Without the pictures, extract every line from the start of the material to the line containing "סוללה עוצמתית 470mAh לשימוש של עד כ- 18 ימים", both ends included.
--- --- ---
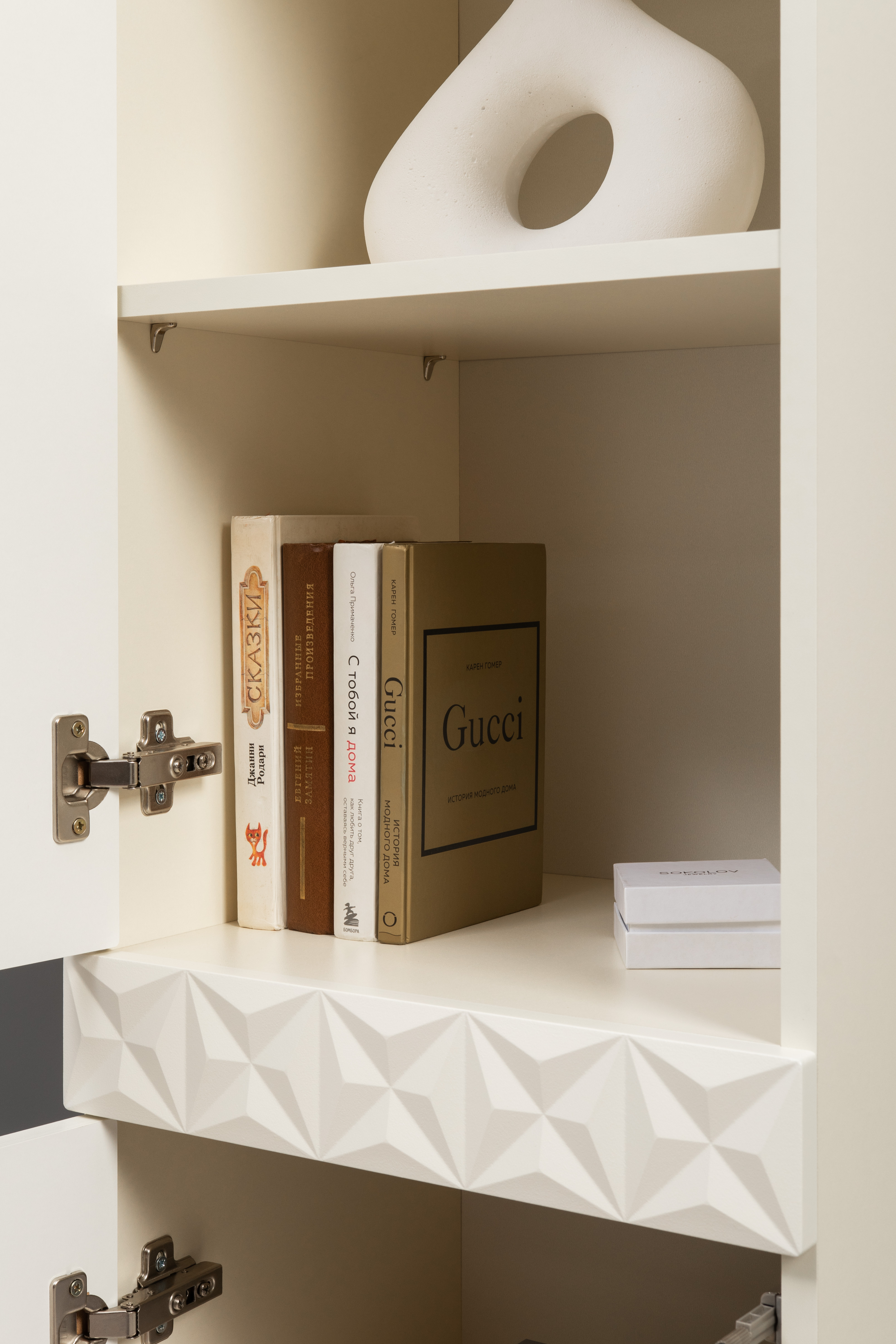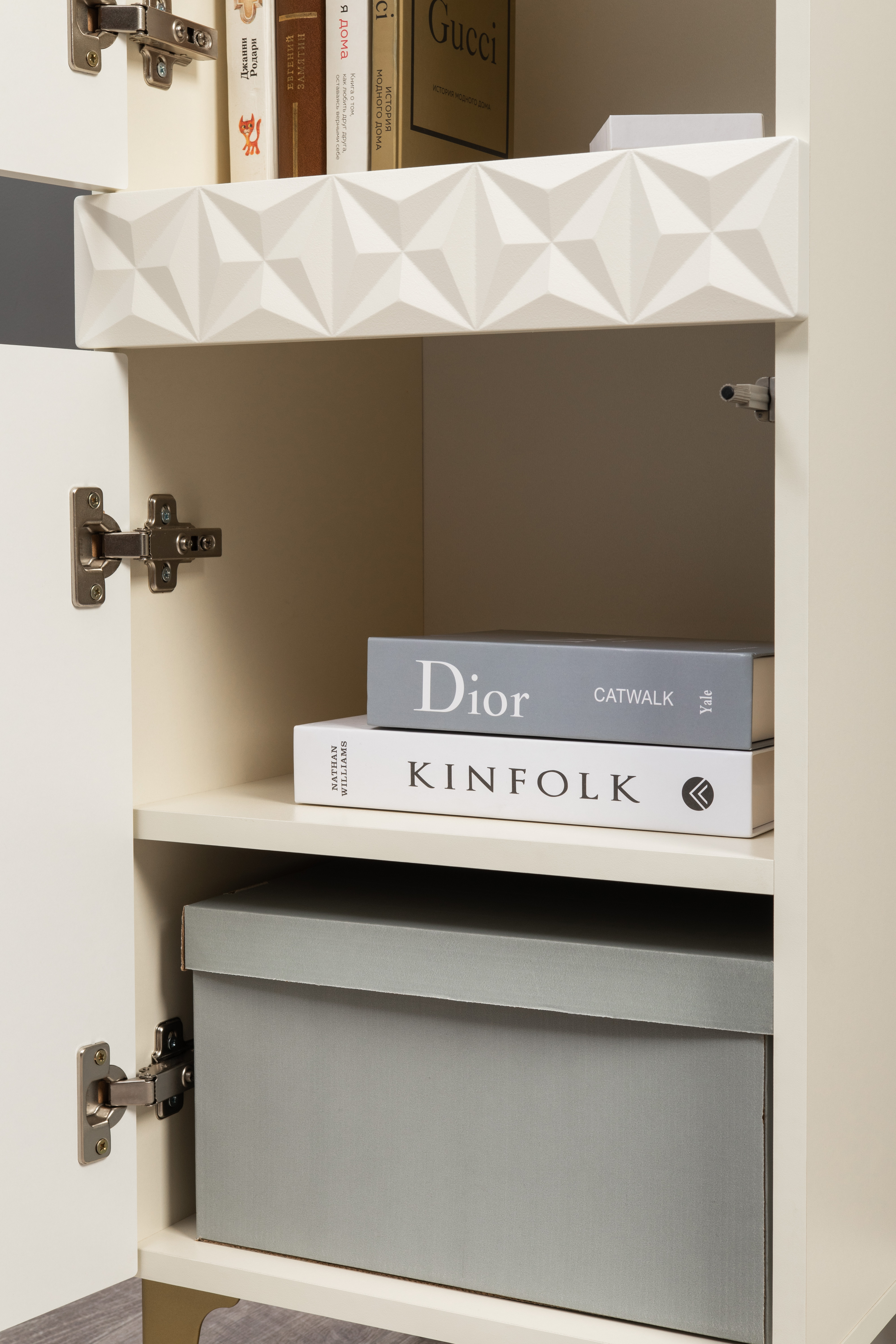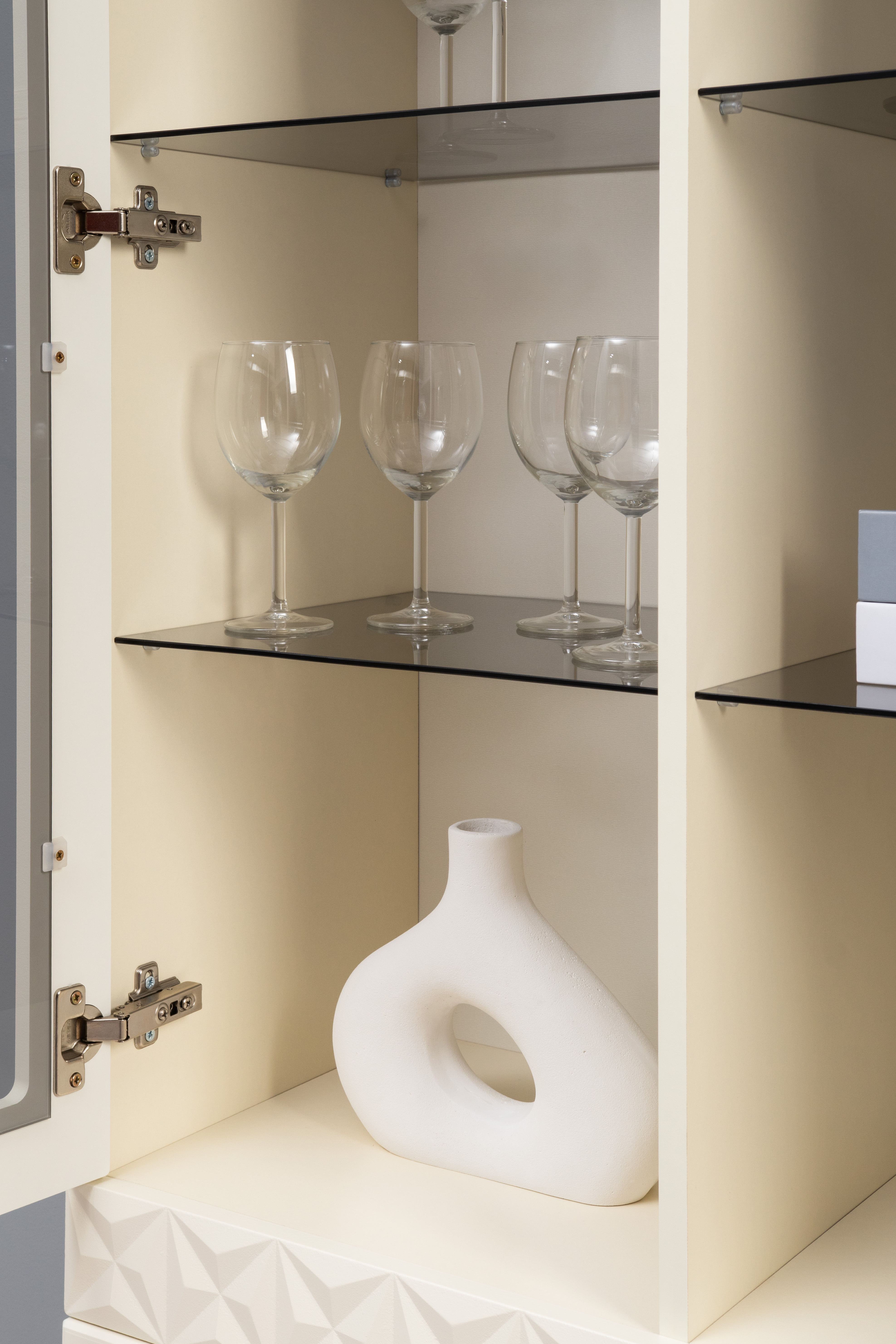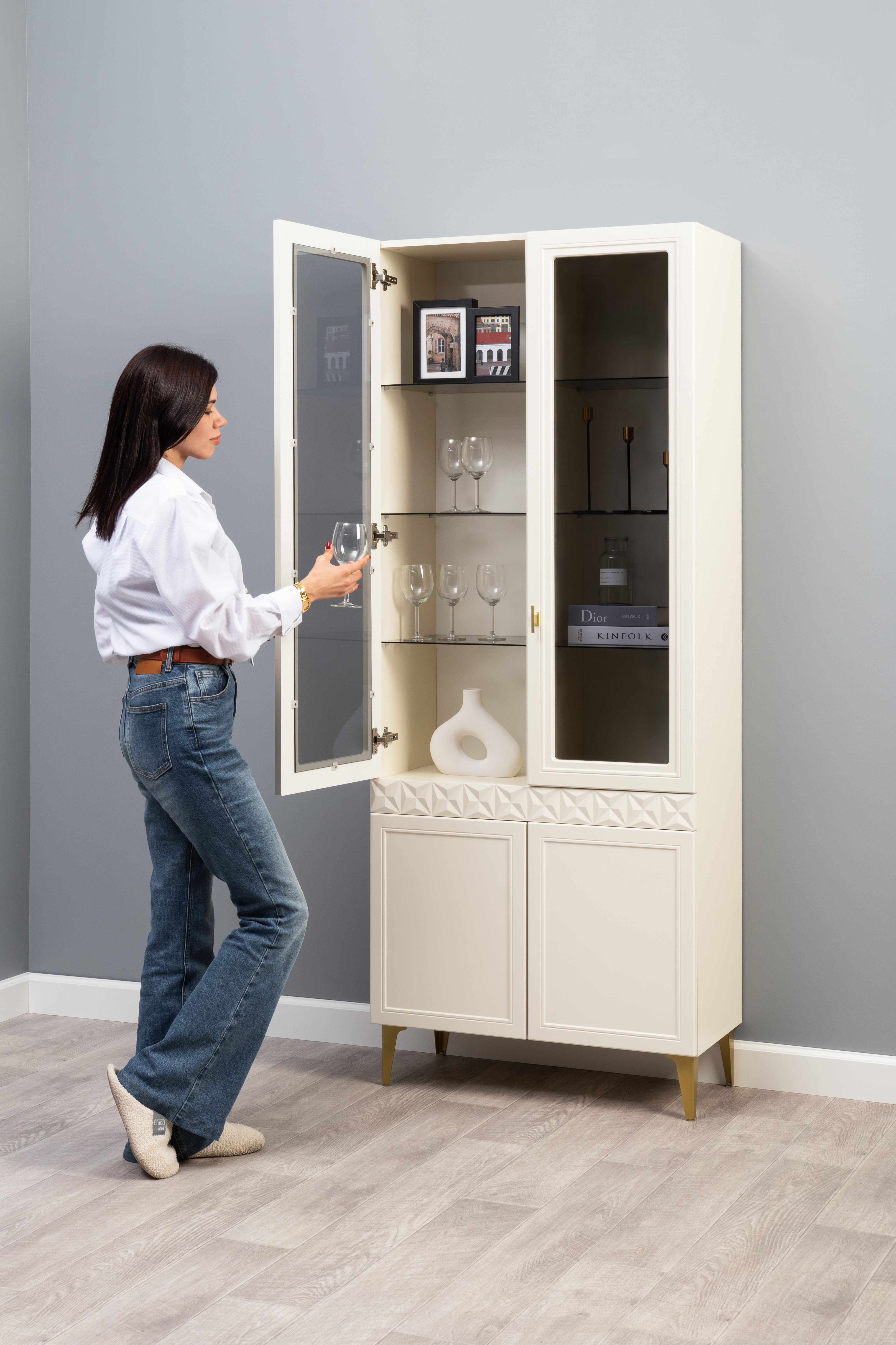 В коллекции представлены три типа витрин с тонированным закалённым стеклом, которые придают пространству лёгкость и свет. «Марион» — идеальное сочетание традиций и актуального дизайна в каждой детали.
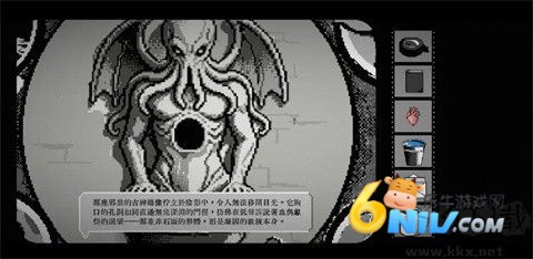 接着向左走,试着与那些邪恶的雕像对话,或许能得到些有趣的线索。雕像的对话内容会根据你的疯狂值而变化,保持理智才能获得准确信息。
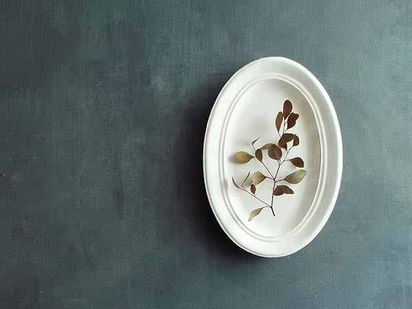 額縁をイメージしてデザインされたレリーフがくっきりと浮かび上がる、精緻な形が特徴のオーバルプレート。フリーハンドの揺らぎを生かした線やカーブが、かっちりし過ぎない柔らかな印象を与えます。 リムの内側も大きめで深さもあるため、取り分けて食べるサラダからメインディッシュまで、とても使いやすいプレートです。楕円形が食卓のアクセントにもなって、テーブルコーディネートが楽しくなります。
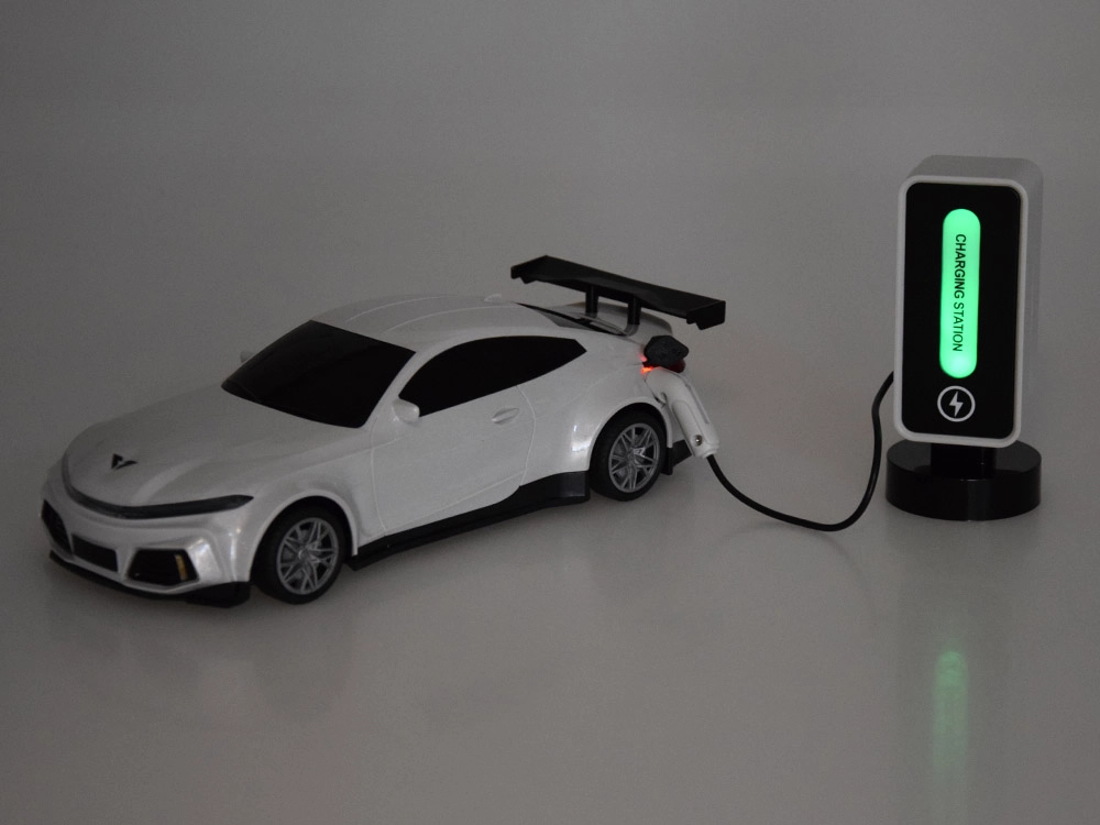 Stilingas elektrinis RC automobilis su specialia įkrovimo stotele suteiks valandas pramogų mažiesiems lenktynininkams. Jis siūlo nuotolinį valdymą, 5 apšvietimo režimus, automatinį parkavimą ir garso efektus. Patogi USB įkrovimo stotelė papildo automobilio energiją taip pat, kaip ir tikruose elektromobiliuose.
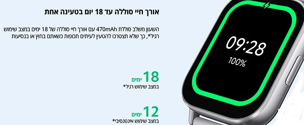 סוללה עוצמתית 470mAh לשימוש של עד כ- 18 ימים
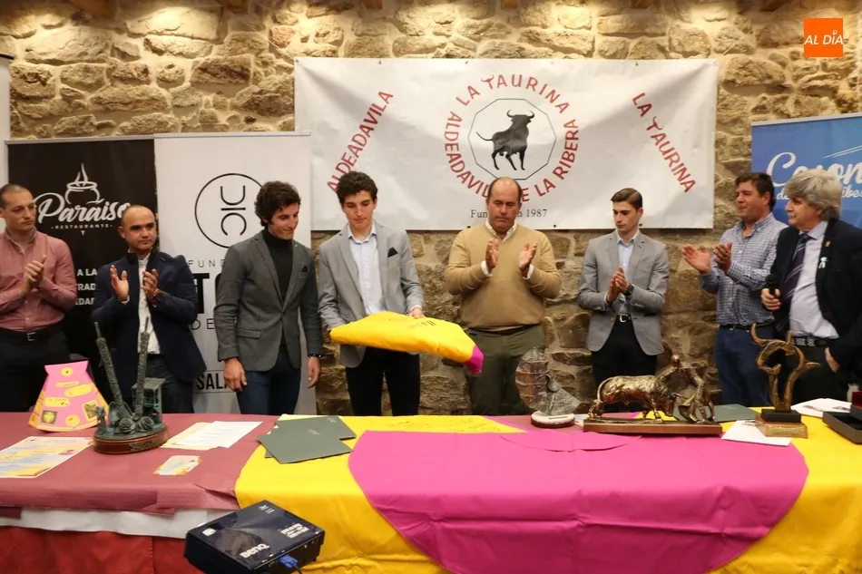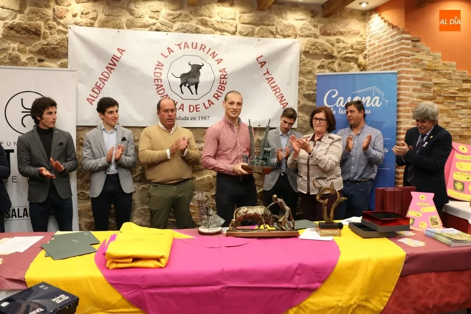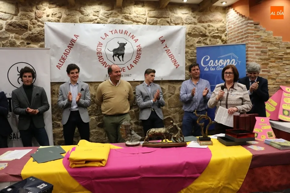 La Peña la Taurina de Aldeadávila de la Ribera celebró este sábado la entrega de sus premios taurinos con motivo del desarrollo en esta localidad de la feria de novilladas que organiza su Ayuntamiento con motivo de sus fiestas patronales en honor a ?San Bartolo?. En esta vigésimo segunda edición de la entrega de estos premios hay que destacar el numeroso público que congregó el salón del restaurante El Paraíso, establecimiento que acogió un año más este evento dirigido por el presidente de la Peña La Taurina, Luis Fraile.
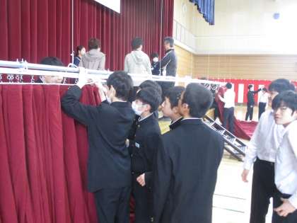 体育館は、3年生が卒業式での経験を生かして、テキパキと準備を進めています。
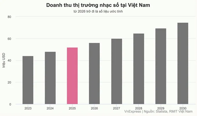 Báo cáo mới đây của Đại học RMIT Việt Nam dẫn số liệu từ Statista (hãng nghiên cứu thị trường toàn cầu) cho thấy, doanh thu thị trường nhạc số trong năm 2025 ước đạt 51,95 triệu USD, tương đương hơn 1.370 tỷ đồng. Con số này tăng gần 9% so với năm 2024.
--- --- ---
Response below:
 В коллекции представлены три типа витрин с тонированным закалённым стеклом, которые придают пространству лёгкость и свет. «Марион» — идеальное сочетание традиций и актуального дизайна в каждой детали.
 接着向左走,试着与那些邪恶的雕像对话,或许能得到些有趣的线索。雕像的对话内容会根据你的疯狂值而变化,保持理智才能获得准确信息。
 額縁をイメージしてデザインされたレリーフがくっきりと浮かび上がる、精緻な形が特徴のオーバルプレート。フリーハンドの揺らぎを生かした線やカーブが、かっちりし過ぎない柔らかな印象を与えます。 リムの内側も大きめで深さもあるため、取り分けて食べるサラダからメインディッシュまで、とても使いやすいプレートです。楕円形が食卓のアクセントにもなって、テーブルコーディネートが楽しくなります。
 Stilingas elektrinis RC automobilis su specialia įkrovimo stotele suteiks valandas pramogų mažiesiems lenktynininkams. Jis siūlo nuotolinį valdymą, 5 apšvietimo režimus, automatinį parkavimą ir garso efektus. Patogi USB įkrovimo stotelė papildo automobilio energiją taip pat, kaip ir tikruose elektromobiliuose.
 סוללה עוצמתית 470mAh לשימוש של עד כ- 18 ימים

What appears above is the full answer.